12 May 2010

Realtors, Builders Dangle Perks to Woo Home Buyers

The Detroit News

Some worry that sales will decline in wake of federal tax credit

Some players in the Metro Detroit housing and real estate industries have created their own home sales incentives in an attempt to keep alive the increase in business sparked by the now-ended federal first-time home buyers tax credit.

At the end of last year, an estimated 80,000 people in Michigan had used the tax credit of up to $8,000 for a first-time home purchase, according to the Michigan Association Realtors.

Many Metro Detroit real estate agents reported a surge of deals this year before the credit expired at the end of April, though exact figures are not available. A survey done last year by Coldwell Banker Real Estate LLC agents found that 34 percent of potential homebuyers said the tax credit was the reason they were searching for a home or condominium.

To maintain the home sales momentum, Coldwell Banker launched its "Buyer Bonus Sales Event," a promotion that essentially extends the monetary bonus of the federal program from May 1 through July 31.

Participating Coldwell real estate agents are giving a 3 percent credit up to $8,000 of the accepted offer price to homebuyers who sign a contract before the deadline. It is unclear how many local sellers have signed up for the program, said Kelly Sweeney, CEO of Coldwell Banker Weir Manuel in Birmingham, which is participating.
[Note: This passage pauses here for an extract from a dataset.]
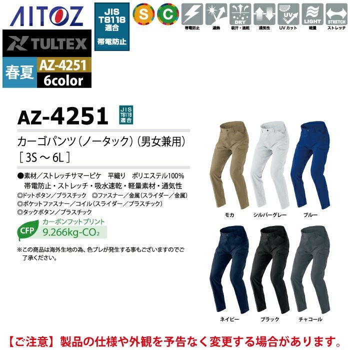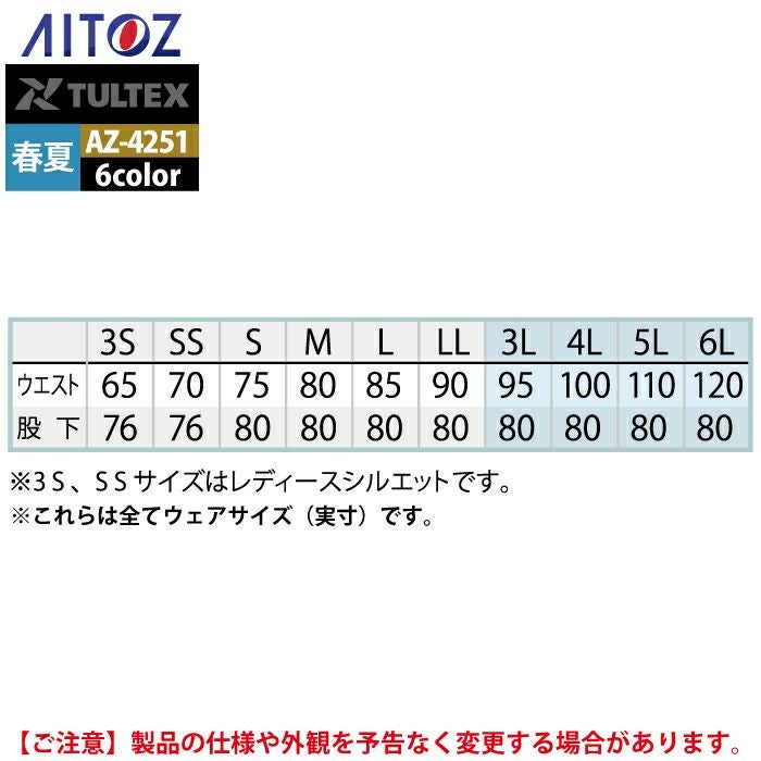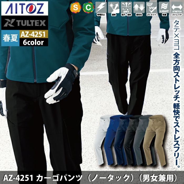 作業服 作業着 作業ズボン アイトス Aitoz 作業服 作業ズボン AZ-4251 カーゴパンツ 3S-LL 春夏用

"What we have to do now is convince potential buyers that there are still historical low interest rates, great prices and sellers willing to make deals," Sweeney said.

Luxury homebuilder Toll Brothers Inc. also is trying to pump up interest by continuing several incentive programs it began last year. One approach allows buyers up to 14 months to build their new home, which is aimed at giving customers more time to sell their existing home.

"We are finding a lot more people willing to look (for homes) since last fall," said Nadia Mekled, senior sales manager for Toll Brothers in Michigan.

Beyond the formal discounts, many sellers are willing to bargain to seal a deal, local real estate agents said.

"Sellers are used to, by now, doing what it takes to move their home," said Claire Williams, a Realtor with Remerica Hometown One in Plymouth.

Still, she expects a drop in home sales at least in the short term because of the end of the federal tax credit.

"I think our job (as Realtors) is to convince potential homebuyers there are still historic prices and low interest rates," Williams said. "And they need to act on that now."